No, his theory still held water. This tree was not a part of the island. The two had merely become jammed together while floating down river.
But he could use the fallen giant to good advantage. He strung up the hammocks between the branches, then brought Roger and laid him in his hammock where he would not be in danger from snakes or army ants or any other wild life that might be on this little floating world.
Which reminded him that he must feed his patient and himself. That was a sobering thought. Many an adventurer in the Amazon forests had died of hunger even though he had the entire jungle to draw upon. Hal had only the resources of a half acre. Robinson Crusoe had had much more to work with.
Hal spent the rest of the day having bright ideas that didn’t work out. He looked among the bamboos for shoots, but there were none small enough to be edible. He tried the berries on a bush, only to make himself sick. He saw a little tree which he believed to be the famous cow tree which, when slashed, gives forth a very good substitute for cow’s milk. He slashed this one but it was too small — only a few white drops exuded.
This was proving more of a job than he had expected. Once he had read The Fighting Forces Handbook, Survival, and had derived from it the idea that survival whether in the jungle, in the Arctic, in the desert or at sea, was really a simple matter. It did not appear so simple now.

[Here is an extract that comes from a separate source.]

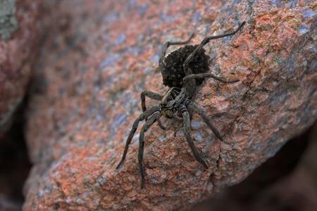Cette "araignée-loup", du genre Hogna, appartient à la famille des Lycosidés. Elle présente un corps brunâtre. Comme pour la plupart des araignées, la femelle est plus grande que le mâle.

But there must be plenty of fish in the river. He had no line — but he would catch them as the Indians did. He spent two hours fashioning a wooden spear with a barbed point. Then he went to the edge and looked down into the swirling current.

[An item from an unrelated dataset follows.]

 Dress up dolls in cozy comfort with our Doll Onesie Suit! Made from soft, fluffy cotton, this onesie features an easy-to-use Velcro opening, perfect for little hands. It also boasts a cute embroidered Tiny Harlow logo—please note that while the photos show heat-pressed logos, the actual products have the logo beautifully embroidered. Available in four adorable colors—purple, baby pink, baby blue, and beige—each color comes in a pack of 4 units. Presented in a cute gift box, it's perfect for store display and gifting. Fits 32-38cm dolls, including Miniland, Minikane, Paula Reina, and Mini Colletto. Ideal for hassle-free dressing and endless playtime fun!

He soon realized that he had wasted his time. The current was so full of silt that he could not see one inch into its depths.
A heavy squall came up and Hal was promptly drenched to the skin. He didn’t mind that. But after the rain came a strong wind, with nothing to stop its sweep across the great river, here eight or nine miles wide. Hal began to shake in his wet clothes and long for the shelter of the forest. It was hard to believe that he was within four degrees of the equator.
He continued his vain quest for food until dark. As night closed in, he made his brother as comfortable as possible. Fortunately Roger had been protected from the rain by the canvas over his hammock.